Personal information
- Full name: Vikram Atri
- Born: 9 March 1983 (age 43) Hull, Yorkshire, England
- Batting: Right-handed
- Bowling: Right-arm off break

Domestic team information
- 2001: Nottinghamshire Cricket Board
- 2002–2003: Nottinghamshire
- 2002–2005: Loughborough UCEE
- 2004–2013: Lincolnshire

Career statistics
| Competition | First-class | List A |
| Matches | 12 | 1 |
| Runs scored | 548 | 0 |
| Batting average | 28.84 | 0.00 |
| 100s/50s | 0/4 | 0/0 |
| Top score | 98 | 0 |
| Balls bowled | 6 | – |
| Wickets | 0 | – |
| Bowling average | – | – |
| 5 wickets in innings | – | – |
| 10 wickets in match | – | – |
| Best bowling | – | – |
| Catches/stumpings | 8/– | 0/– |
- Source: Cricinfo, 28 September 2010

= Vikram Atri =

English cricketer

Vikram Atri (born 9 March 1983) is an English first-class cricketer. Atri is a right-handed batsman who bowls right-arm off break. He was born at Hull, Yorkshire.

Atri made his only appearance in List A cricket for the Nottinghamshire Cricket Board against Bedfordshire in the 2001 Cheltenham & Gloucester Trophy at Wardown Park, Luton, with the Board losing by 3 wickets. In his only List-A match he was dismissed for a duck.

Atri made his first-class debut for Nottinghamshire against West Indies A in 2002, and, batting as an opener, made a score of 98 against bowling that included past and future Test players Marlon Black and Tino Best.

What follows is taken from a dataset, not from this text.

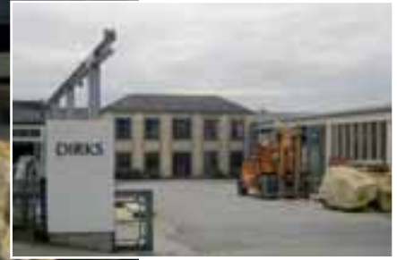
Blick auf das Firmengelände

Wisden Cricketers' Almanack reported that "the calm and compact Vikram Atri caught the eye, before he trudged off dejectedly, two shy of a century in his maiden first-class knock". Atri's innings was characterised as "patient" and "dogged" in another report, which noted, however, nine "graceful" boundaries on the first day alone, when rain curtailed play. In the event, Atri played only two further first-class matches for Nottinghamshire, both of them in the 2003 County Championship against Middlesex and Kent. In 2003, he made his first-class debut for Loughborough UCCE against Somerset and from 2003 to 2005, he represented Loughborough UCCE in nine first-class matches, the last of which came against Worcestershire. In his combined total of 12 first-class matches, he scored 548 runs at a batting average of 28.84, with four half centuries, although he never surpassed his 98 on debut. In the field he took 8 catches.

In 2004, Atri made his Minor Counties Championship debut for Lincolnshire against Norfolk. He played for Lincolnshire until 2013.